Selain itu, dalam ranah ini seorang peserta didik juga diajarkan tentang bagaimana menghargai sesama teman dan melakukan kegiatan sosial antar satu sama lain baik di lingkungan sekolah maupun di lingkungan lainnya. Sehingga diharapkan mampu menciptakan suasana pembelajaran yang nyaman serta tidak membosankan (Sharon dkk, 2012: 12). g. Empat Perspektif Psikologi Belajar a. Perspektif Kognitif Istilah cognitive berasal dari kata cognition yang padanya knowing, berarti mengetahui. Dalam arti luas, cognition (kognisi) ialah perolehan, penataan, dan penggunaan pengetahuan. Dalam perkembangan selanjutnya, istilah kognitif menjadi populer sebagai salah satu domain atau wilayah/ranah psikologis manusia yang meliputi setiap perilaku mental yang berhubungan dengan pemahaman, pertimbangan, pengolahan informasi, pemecahan masalah, kesengajaan, dan keyakinan. Sebagian besar psikolog berkeyakinan bahwa proses perkembangan kognitif manusia mulai berlangsung sejak ia baru lahir. Bekal dan modal dasar perkembangan manusia, yakni kapasitas motor dan kapasitas sensori ternyata juga dipengaruhi oleh aktivitas ranah kognitif. Menurut para ahli psikologi kognitif, pendayagunaan kapasitas ranah kognitif manusia sudah mulai berjalan sejak manusia itu mulai mendayagunakan kapasitas motor dan sensorinya. Hanya saja, cara dan intensitas pendayagunaan kapasitas ranah kognitif tersebut masih belum jelas benar.

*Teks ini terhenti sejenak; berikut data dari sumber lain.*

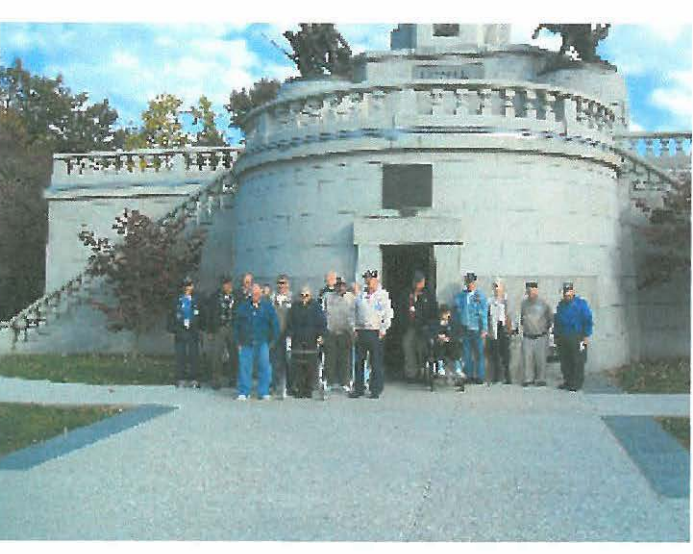
Veteran members of the 99<sup>th</sup> in front of Lincoln's tomb.
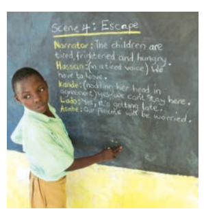
'What do the children say?' 'Why do they decide to leave?'
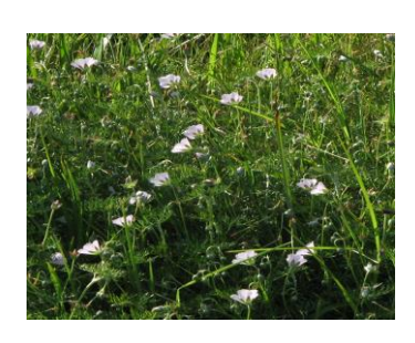
Geranium incarnum Cape Geranium
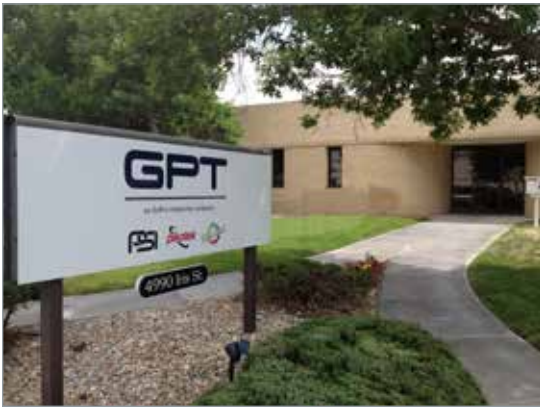
GPT Wheat Ridge, Colorado

At GPT we are committed to manufacturing and supplying only reliable, high-quality products that exceed our customers' requirements and expectations.
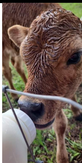
Tapanga Osteen Candler County
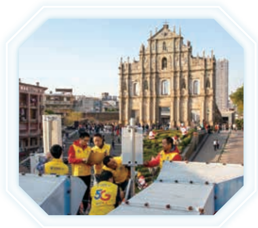
Telecommunication assurance for the 20th anniversary of Macau handover

The Company is truly committed to the mission of providing safe and smooth communications assurance and is devoted to fight against a number of severe natural disasters such as earthquakes, typhoons, floods and landslides and to safeguard important events. In 2019, we successfully accomplished disaster relief and emergency telecommunications assurance for the forest fire in Liangshan Prefecture of Sichuan Province and Changzhi of Shanxi Province, the earthquake of 6.0 magnitude in Changning of Sichuan Province, the super typhoon named Lekima and the mudslide caused by torrential rain in
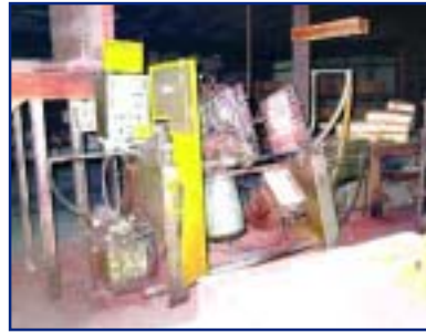
DEPENDABLE MDL. 400 FA SHELL CORE MACHINE
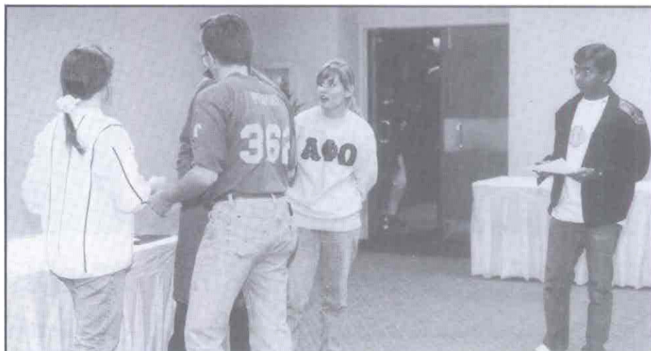
All college students who may share our ideals should be made to feel welcome and needed.

The purpose of Alpha Phi Omega is to gather college students together under the principles of the Boy Scouts of America in order to de-
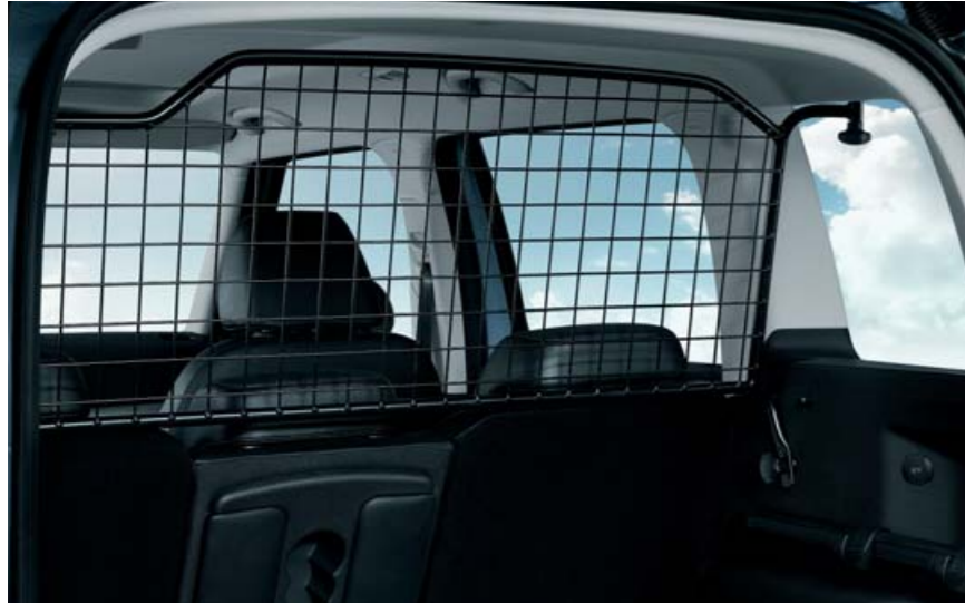
Trunk grille (DMM 630 001)
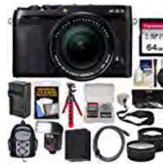
Fujifilm X-E3 4K Digital Camera & 18-55mm XF Lens (Black) with 64GB Card + Backpack + Flash...
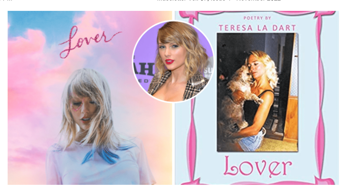
...Ready for it? It's another Facepalm, Taylor Swift edition!

The genre-spanning, bajillion-album-selling pop star has been racking up w's lately. With her latest album, Midnights , Swift broke 185 million Spotify streams in one day (a record) and has become the first artist to monopolize the top 10 Billboard spots at one time (another record). I guess she's kind of a big deal. But with great fame comes great litigation, and Swift has been busy in court. Let the sparks fly!
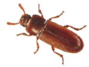
Confused Flour Beetle
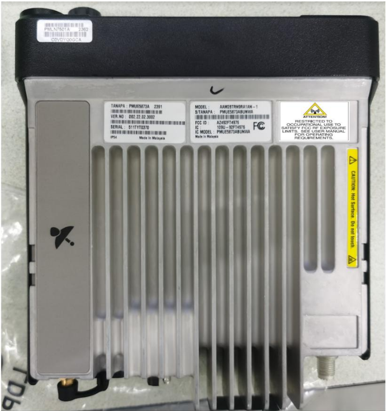
Bottom View (FCC/IC Label Location) Same for XPR 5550e Color Display and XPR 5350e Numeric Display
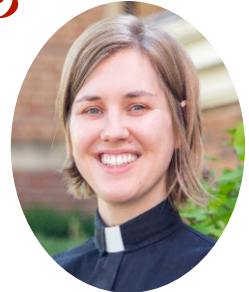
From the Pastor's Desk

I like the ending of John's gospel, because it's fun to think about what other things Jesus may have done that the gospel writer chose not to include in his book. Then, John reminds us that through our faith in Christ's resurrection, we have life in Jesus' name. We are God's Easter people! This is what it means to be Christian, to trust that Jesus' death and resurrection actually makes a difference for our lives today. It's great news that we have eternal life with God and get to go to heaven when we die, but how do we live like Jesus' resurrection matters in the meantime? Sometimes this question is harder to answer. "Living the Resurrection Life" will be our focus for our Easter season in worship this year.
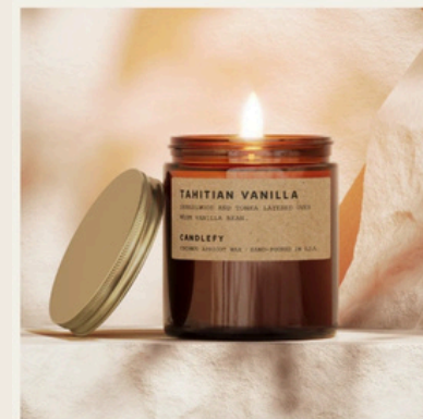
Tahitian Vanilla - Scented Candle
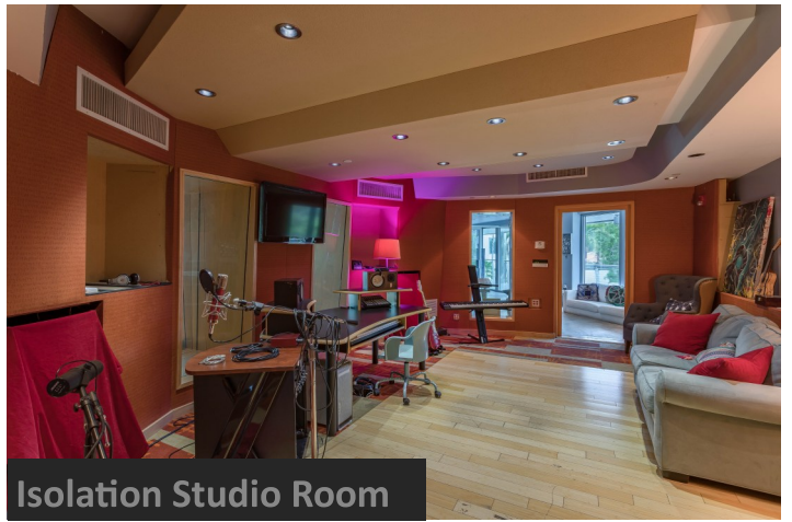
Isolation Studio Room
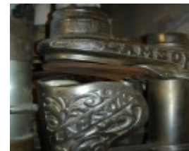
H2100 Myers Melbourne lamson tubes close detail feb2006 jb 005
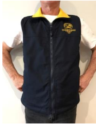
Club Vest $50
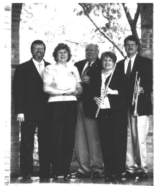
ABAC Music Faculty
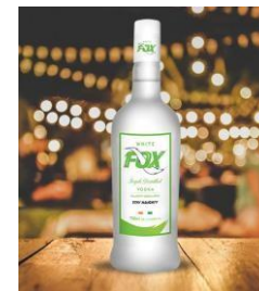
White Fox Triple Distilled Vodka Naughty Orange
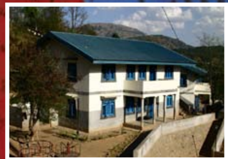
New houses in 2006.

Children of BCH attend the local Central School for Tibetans, which has 10 grades and is located next to BCH's premises. However, completing a secondary education or reaching a higher education is possible only outside of Dolanji and is fully dependent upon support of the child by private sponsors. For those most talented children without a private sponsor, BCH tries to pay for the costs of higher education from general donations.
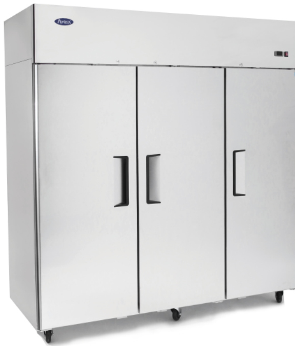
Top Mounted Three Door Refrigerator / Freezer
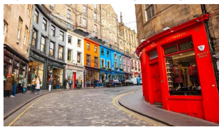
Day 2 | Discover Enchanting Edinburgh

Let your Local Specialist take you on an informative sightseeing tour of Edinburgh. See the regal Palace of Holyroodhouse, the new Scottish Parliament Building and the Royal Mile, delving into the heart of the city, before visiting Edinburgh Castle, perched atop Castle Rock. Stroll through the grand New Town with its Gothic façades enjoying the rest of the day at leisure. Tickets to see the Edinburgh Tattoo are included on departures that coincide with performance dates.
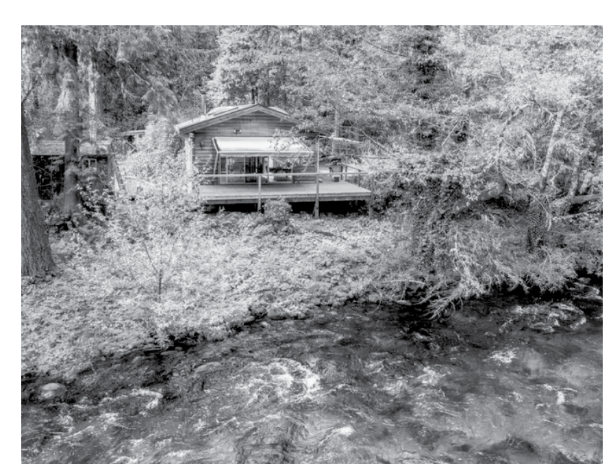
House invading the McKenzie River riparian zone

On Sept. 13th we took staff and directors from the United States Environmental Protection Agency down the river to view the riparian and water quality conditions. They were stunned by the impacts they discovered.
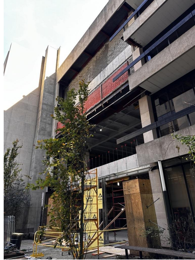
View of Small and Medium Venues from the courtyard.
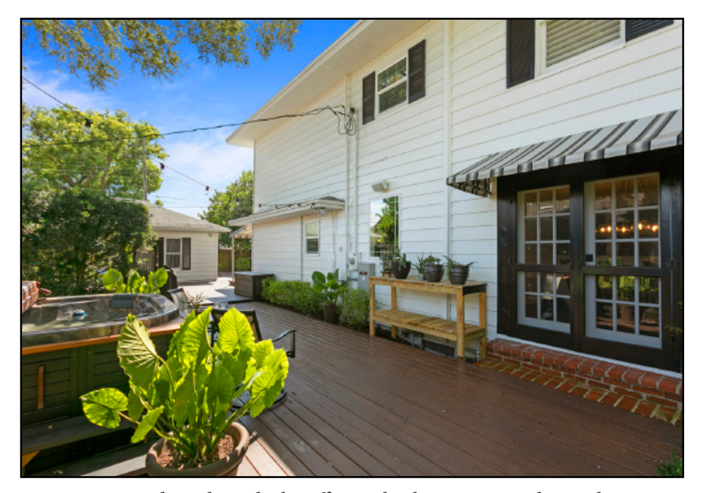
Wrap-around outdoor decks offer multiple spaces to relax and enjoy.
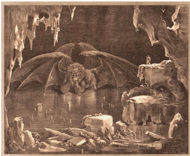
Figure 2. Satan. Modified from Dante Alighieri's Inferno from the Original by Dante Alighieri and illustrated with the designs of Gustave Doré – 1861.

MERS-CoV is phylogenetically related to SARS-CoV and share with SARS-CoV the origin in bats. 23,26,27 Several CoVs have been identified in insectivorous and frugivorous bat species in various countries, indicating that bats may represent an important reservoir of these viruses. 23 MERS-CoV was first identified in Saudi Arabia in 2012 and then spread to other countries causing hundreds of deaths. 26,28 Clinical features of MERS-CoV are similar to SARS-CoV, although this virus has also been associated with several extrapulmonary manifestations, such as severe renal complications. Recent studies have indicated that dromedary camels may be the intermediate hosts and potential source of the virus for humans. 26,29 In addition, the first experimental infection of bats with MERS-CoV has been described. The virus maintains the ability to replicate in the host without clinical signs of disease, supporting the general hypothesis that bats are the ancestral reservoir for MERS-CoV. 30 Human-to-human transmission has also been reported. Based on epidemiological data, both animal-to-human and human-to-human transmission are considered to be important elements in MERS outbreak. 26
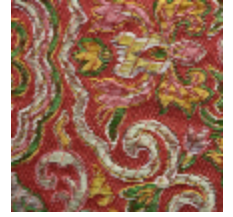
1665-06 GUIMET - ROUX
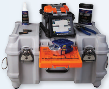
Quantum Transit Case as Work Surface
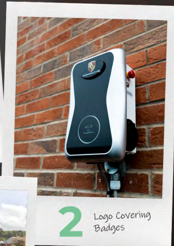
2 Logo Covering Badges
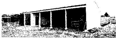
Solar panel roof

Implement shed or workshop will be constructed for equipment and tools storage and farm machinery parking. Total area required for implement shed is 20m (L) x 8m (W), this building requires a very basic structure with solar panel roof on it, floor of the building will be 25Mpa (3626 psi) concrete.
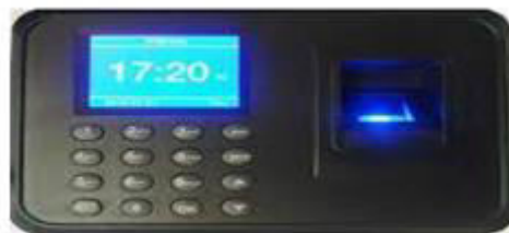
Fig3.2 computerized biometric attendance system

In biometrics, verifiable organic characteristics are studied. Biometrics refers to verification techniques in PC security that rely on measurable real attributes that can be verified as a result. Voice, vein, hand calculation, retina, and so on are some examples of biometric identification schemes. The computer uses one of these biometric identification schemes to determine who you are and grant your exceptional level of access based on your personality. Biometric innovation is used for verification representatives under this method. This method has the unique benefit of being quick and easy to use during the entire cycle. The elimination of the current costs associated with obtaining student cards is one of the additional advantages. The damage, loss, and theft of cards, as well as the continuous need for card support and reclamation, are ongoing costs associated with the other card-using system (attractive stripe and barcode systems).
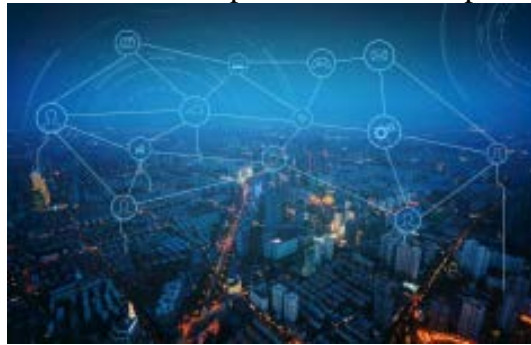
Figure 2 Smart City

to the people's travel. Big data can give full play to the advantages of information integration and realize the scientific allocation and reasonable prediction of transportation resources [2].

Argumen yang dikemukakan para ahli mengenai hal ini antara lain ialah bahwa kapasitas sensori dan jasmani seorang bayi yang baru lahir tidak mungkin dapat diaktifkan tanpa aktivitas pengendalian sel-sel otak bayi tersebut. Hasil-hasil riset para ahli psikologi kognitif menyimpulkan bahwa aktivitas ranah kognitif manusia pada prinsipnya sudah berlangsung sejak bayi, yakni rentang kehidupan antara 0-2 tahun. Semua bayi manusia sudah berkemampuan menyimpan informasi-informasi yang berasal dari penglihatan, pendengaran, dan informasiinformasi lain yang diserap melalui indera-indera lainnya. Selain itu, bayi juga berkemampuan merespons informasi-informasi tersebut secara sistematis. Selanjutnya, Jean Piaget mengklasifikasikan perkembangan kognitif anak menjadi empat tahapan. Di bawah ini empat tahapan tersebut akan diuraikan : 1. Tahap sensori motor (0-2 tahun) Intelegensi sensori-motor dipandang sebagai intelegensi praktis yang bermanfaat bagi anak usia 0-2 tahun untuk belajar berbuat terhadap 13

lingkungannya sebelum ia mampu berpikir mengenai apa yang sedang ia perbuat. Mereka belajar bagaimana mengikuti dunia kebendaan secara praktis dan belajar menimbulkan efek tertentu tanpa memahami apa yang sedang ia perbuat kecuali hanya mencari cara melakukan perbuatan seperti di atas. Piaget berkesimpulan bahwa bayi di bawah usia 18 bulan pada umumnya belum memiliki pengenalan object permanence. Artinya, benda apapun yang tidak dilihat, tidak disentuh, atau tidak didengar selalu dianggap tidak ada meskipun sesungguhnya benda itu ada di tempat lain. Dalam rentang usia antara 18-24 bulan, barulah kemampuan mengenal object permanence anak tersebut muncul secara bertahap dan sistematis. 2. Tahap Pra-Operasional (2-7 tahun) Perkembangan kognitif pra-operasional bermula pada saat anak telah memiliki penguasaan sempurna mengenai object permanence. Artinya, anak sudah memiliki kesadaran akan tetap eksisnya suatu benda yang harus ada atau biasa ada, walaupun benda tersebut sudah ia tinggalkan, atau sudah tak dilihat dan tak didengar lagi. Dalam periode perkembangan pra-operasional, diperoleh pula kemampuan berbahasa. Anak mulai mampu menggunakan kata-kata yang benar dan mampu pula mengekspresikan kalimat-kalimat pendek tetapi efektif. Kemampuan-kemampuan skema kognitif anak dalam rentang usia 2-7 tahun memang masih sangat terbatas.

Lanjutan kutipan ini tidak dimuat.